When the line with "В Волгоградской области" turns up below, begin repeating exactly, and carry on through the line with "Blank organic cotton"; no pictures go into the copy.

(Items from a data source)
---+---
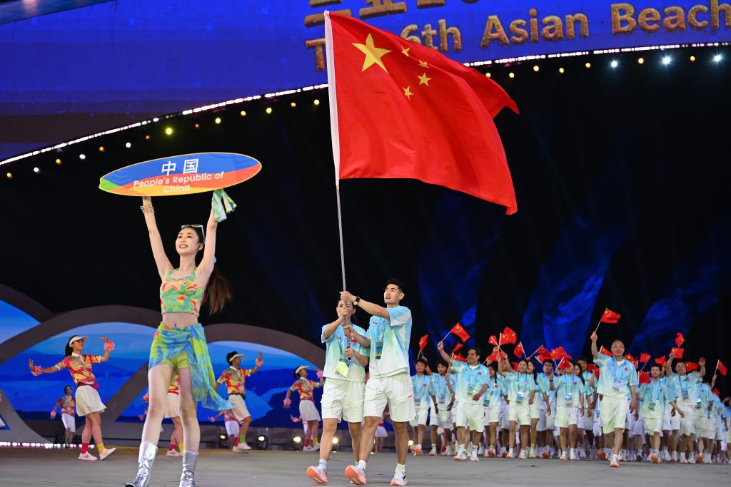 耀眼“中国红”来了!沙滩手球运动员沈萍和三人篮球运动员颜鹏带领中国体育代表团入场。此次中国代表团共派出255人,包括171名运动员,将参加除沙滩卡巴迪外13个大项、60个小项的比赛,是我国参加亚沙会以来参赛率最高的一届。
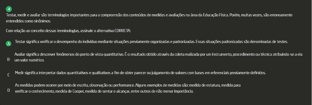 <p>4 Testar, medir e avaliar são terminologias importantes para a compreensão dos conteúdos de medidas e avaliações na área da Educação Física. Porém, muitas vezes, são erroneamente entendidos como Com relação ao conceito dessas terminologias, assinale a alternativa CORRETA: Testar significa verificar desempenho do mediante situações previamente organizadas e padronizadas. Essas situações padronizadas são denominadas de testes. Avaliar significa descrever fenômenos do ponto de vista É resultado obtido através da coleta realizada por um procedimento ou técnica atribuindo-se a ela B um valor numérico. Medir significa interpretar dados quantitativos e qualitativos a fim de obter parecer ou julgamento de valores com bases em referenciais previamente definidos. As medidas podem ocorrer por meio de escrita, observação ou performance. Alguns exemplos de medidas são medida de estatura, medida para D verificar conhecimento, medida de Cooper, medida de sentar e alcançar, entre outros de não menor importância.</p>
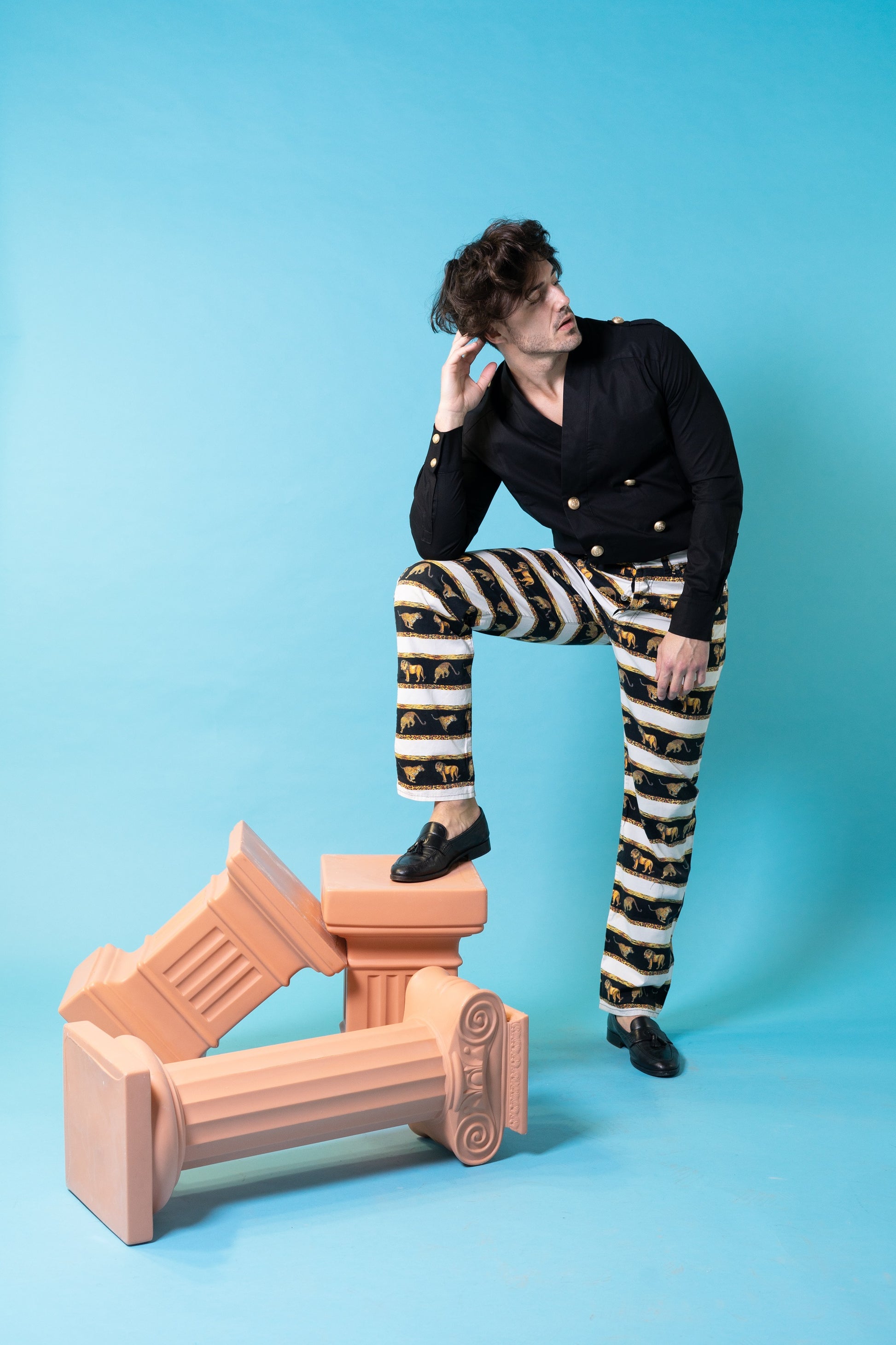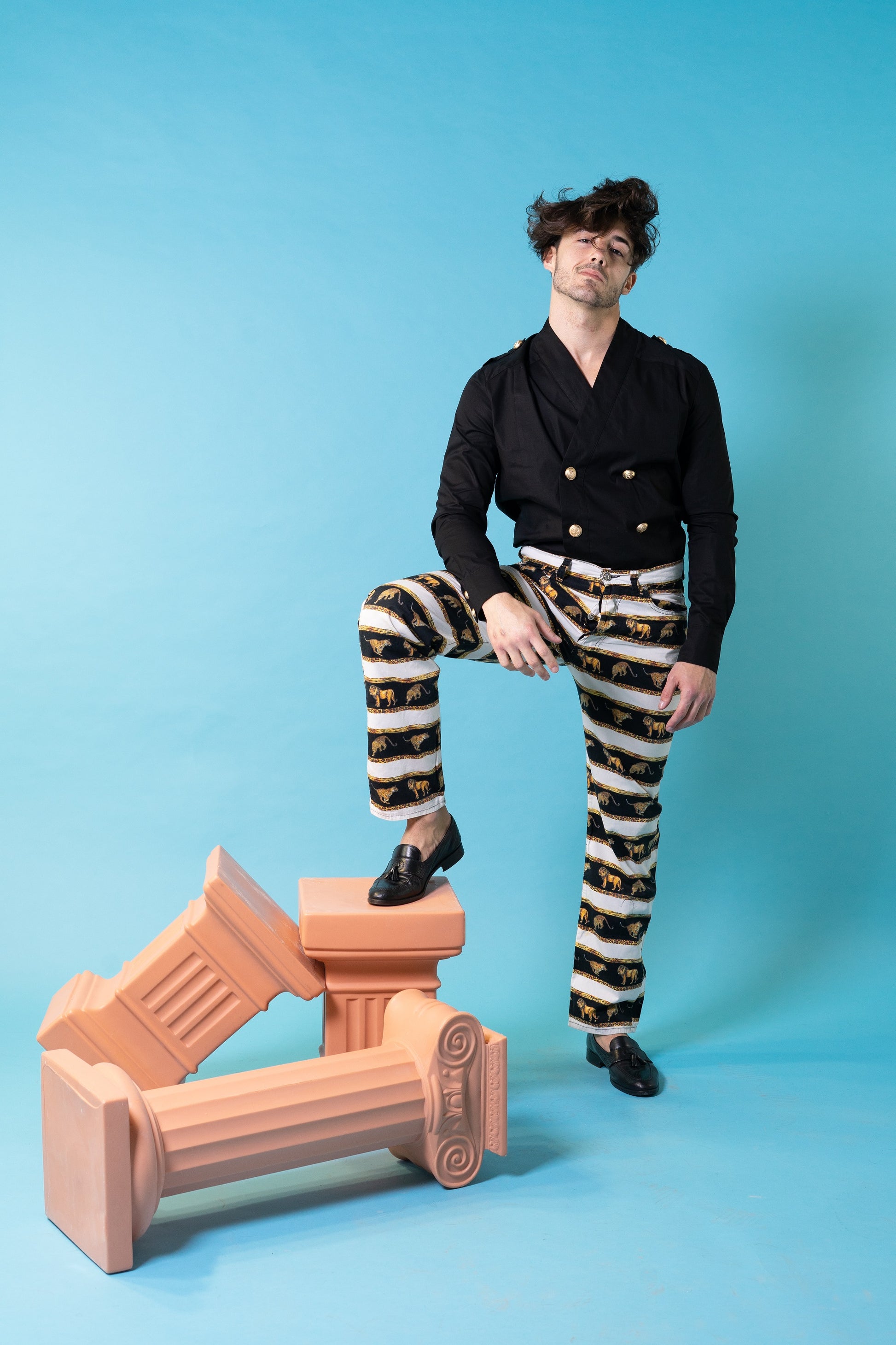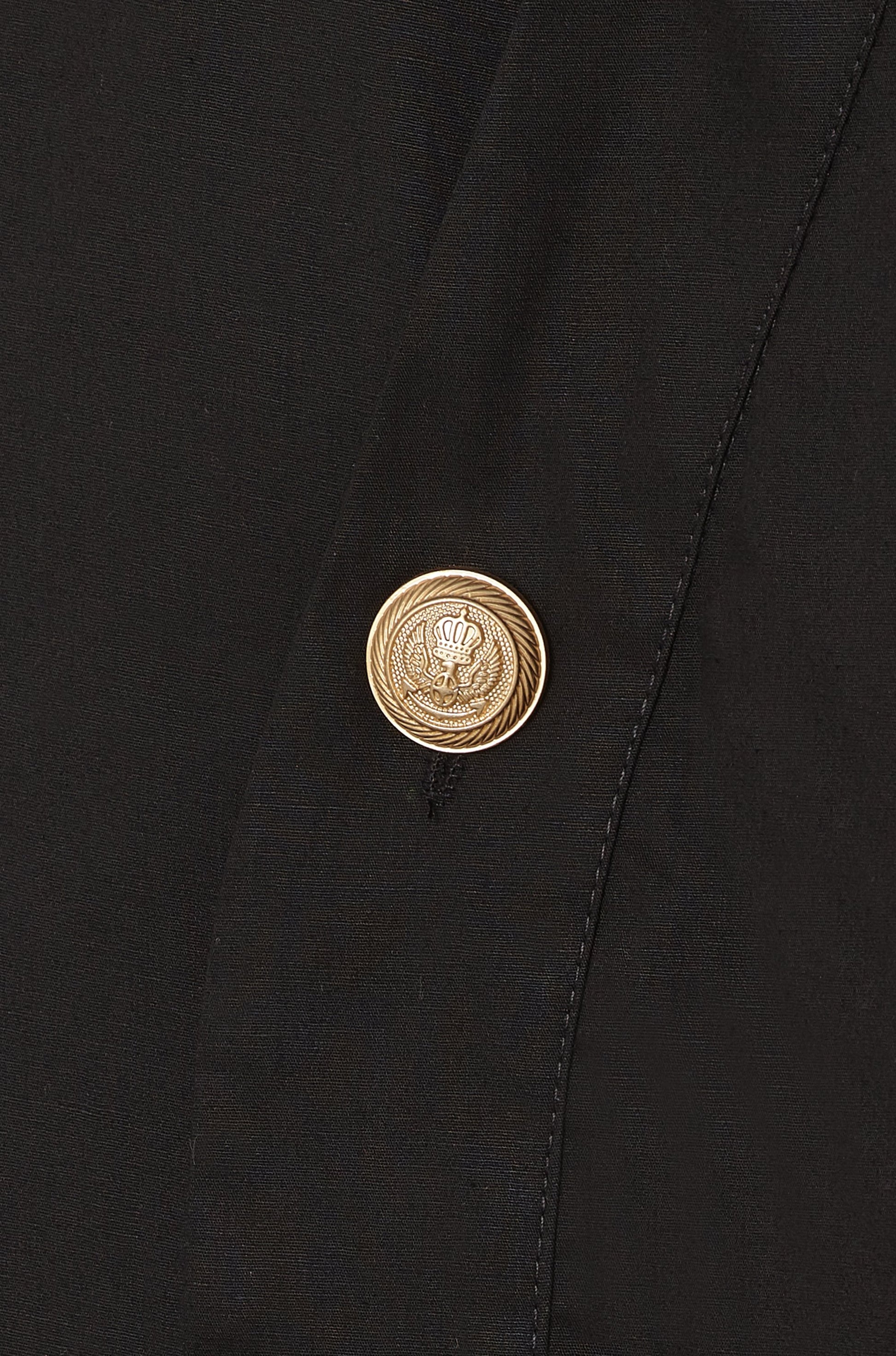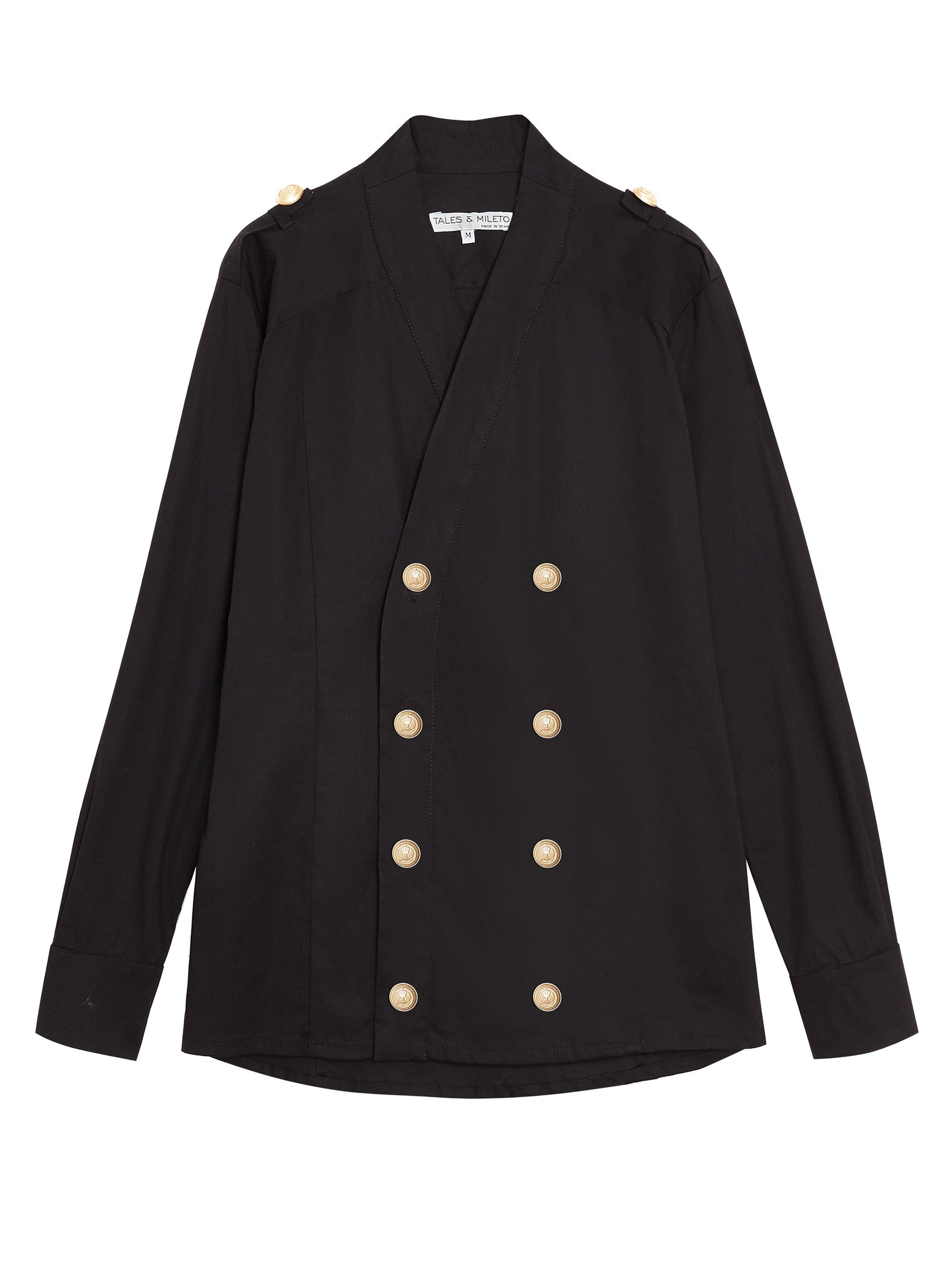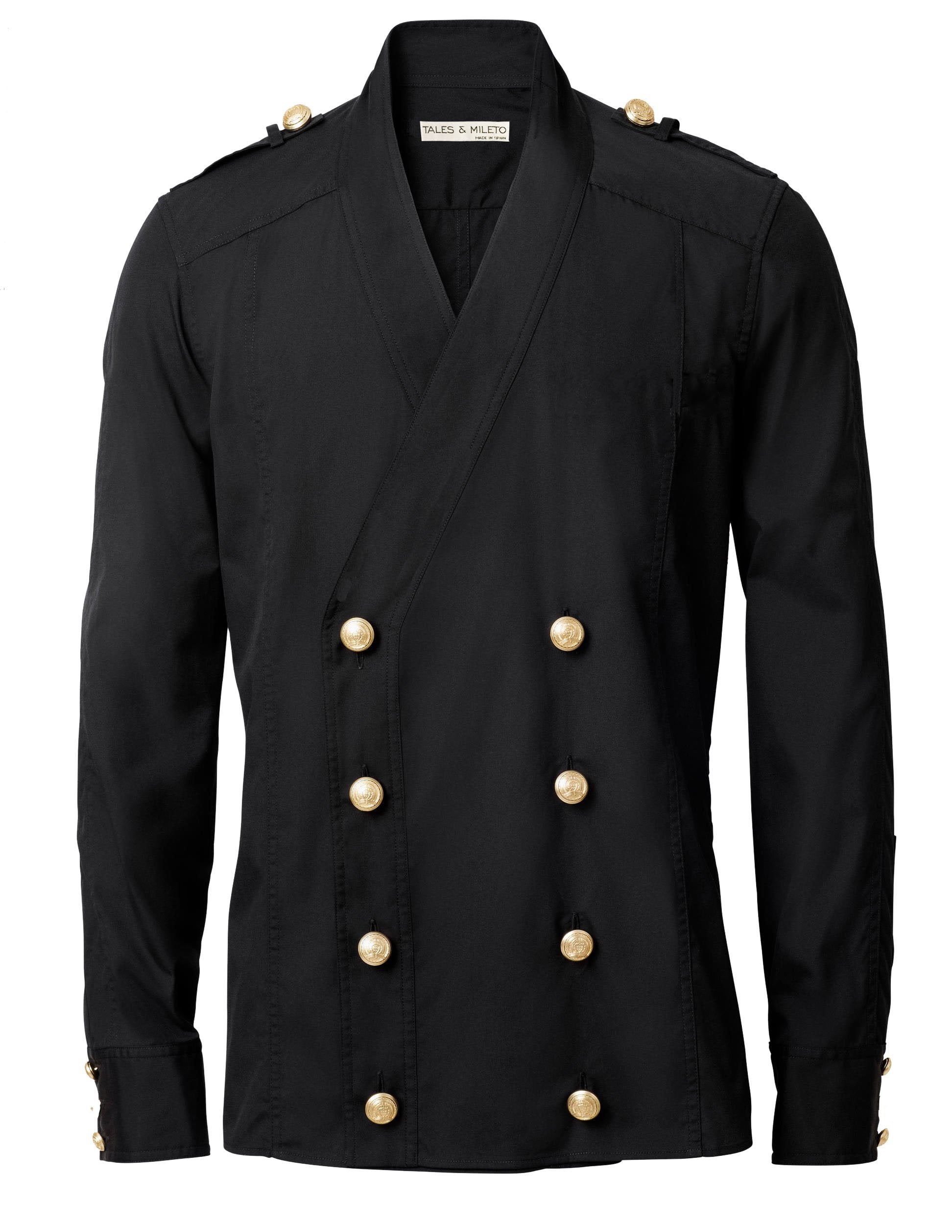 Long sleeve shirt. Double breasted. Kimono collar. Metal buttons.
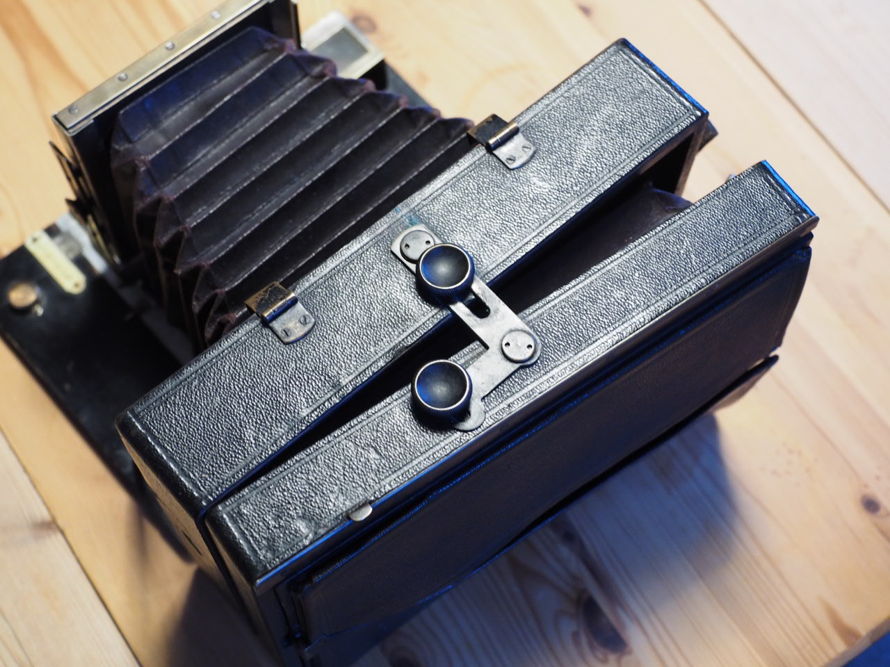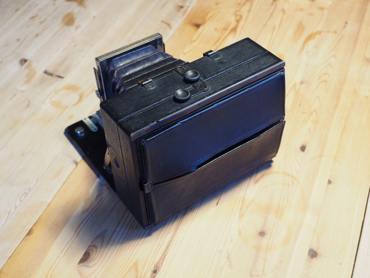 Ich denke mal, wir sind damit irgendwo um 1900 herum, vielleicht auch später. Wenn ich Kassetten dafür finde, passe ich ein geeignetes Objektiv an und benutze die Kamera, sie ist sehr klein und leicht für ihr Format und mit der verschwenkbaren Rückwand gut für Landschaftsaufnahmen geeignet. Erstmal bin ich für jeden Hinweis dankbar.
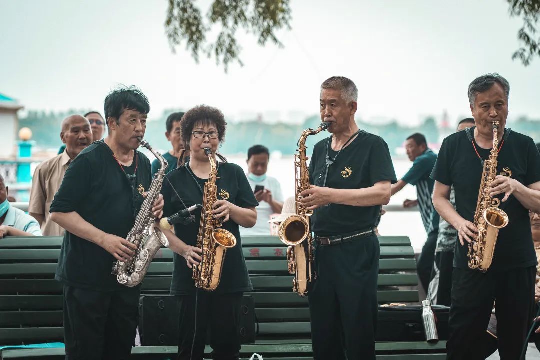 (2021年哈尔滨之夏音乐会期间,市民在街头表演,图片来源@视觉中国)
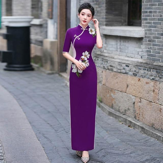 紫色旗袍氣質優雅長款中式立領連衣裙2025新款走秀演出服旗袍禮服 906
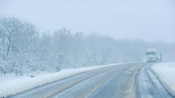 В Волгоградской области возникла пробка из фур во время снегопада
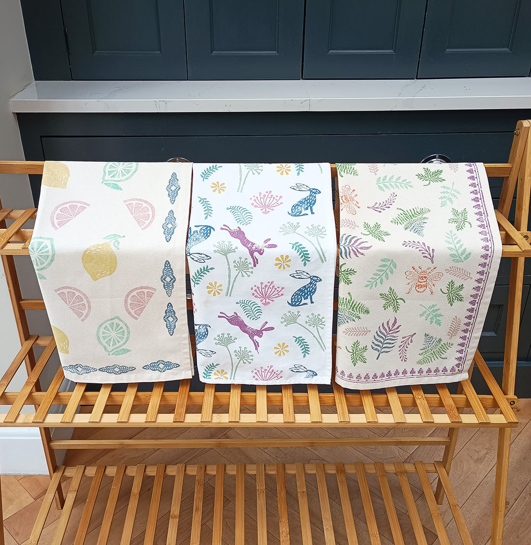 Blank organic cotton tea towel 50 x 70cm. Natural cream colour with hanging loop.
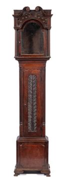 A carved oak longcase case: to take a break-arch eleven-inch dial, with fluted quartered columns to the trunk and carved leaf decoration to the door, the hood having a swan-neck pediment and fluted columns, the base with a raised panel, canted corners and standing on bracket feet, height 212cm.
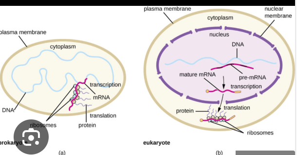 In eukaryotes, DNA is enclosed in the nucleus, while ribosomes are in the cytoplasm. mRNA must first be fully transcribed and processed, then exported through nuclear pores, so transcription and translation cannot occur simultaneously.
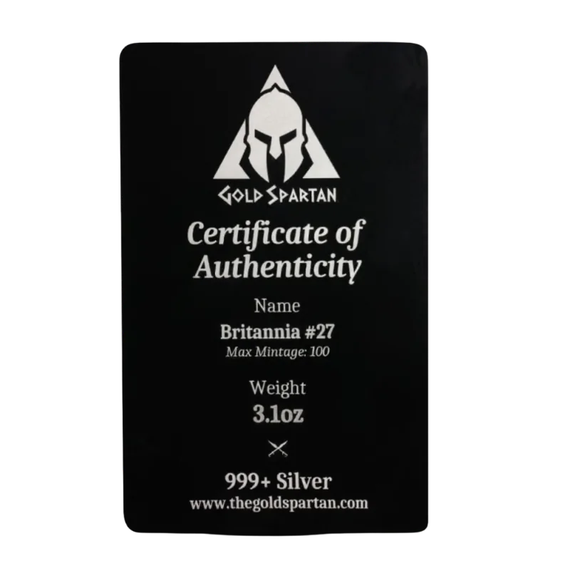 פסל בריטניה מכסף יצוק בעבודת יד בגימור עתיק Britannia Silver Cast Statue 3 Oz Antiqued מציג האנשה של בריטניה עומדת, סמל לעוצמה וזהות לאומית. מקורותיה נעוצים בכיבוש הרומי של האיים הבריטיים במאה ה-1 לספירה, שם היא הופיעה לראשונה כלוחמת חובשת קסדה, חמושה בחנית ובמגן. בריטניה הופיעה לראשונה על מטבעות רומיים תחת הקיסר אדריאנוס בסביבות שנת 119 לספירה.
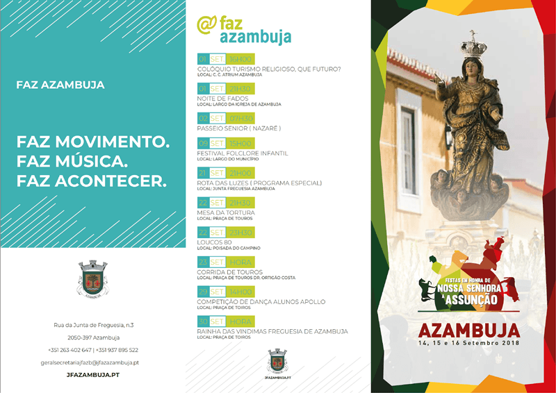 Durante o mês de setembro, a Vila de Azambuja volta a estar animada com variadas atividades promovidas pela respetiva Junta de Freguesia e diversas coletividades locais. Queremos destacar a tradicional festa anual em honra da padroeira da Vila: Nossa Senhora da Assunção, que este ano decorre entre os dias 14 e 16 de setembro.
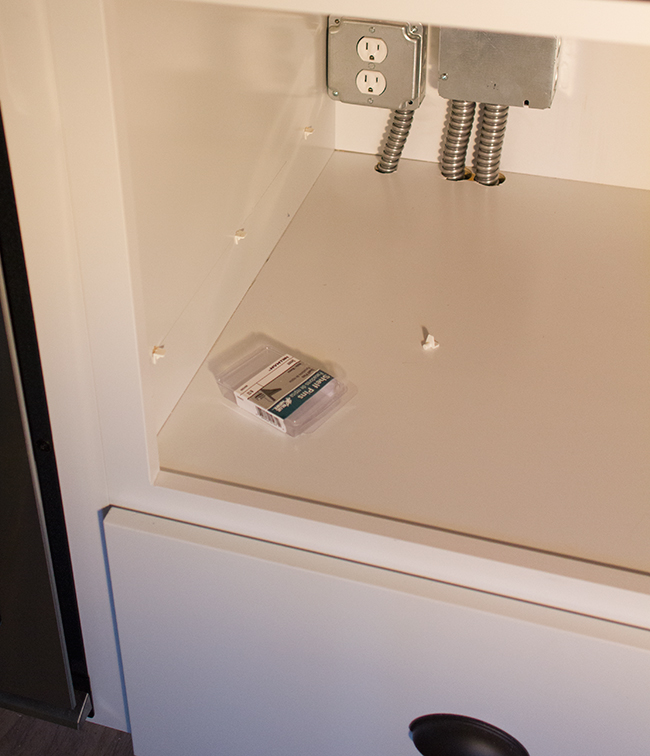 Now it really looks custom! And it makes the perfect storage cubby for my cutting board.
---+---
**Output below**.
 В Волгоградской области возникла пробка из фур во время снегопада
 Blank organic cotton tea towel 50 x 70cm. Natural cream colour with hanging loop.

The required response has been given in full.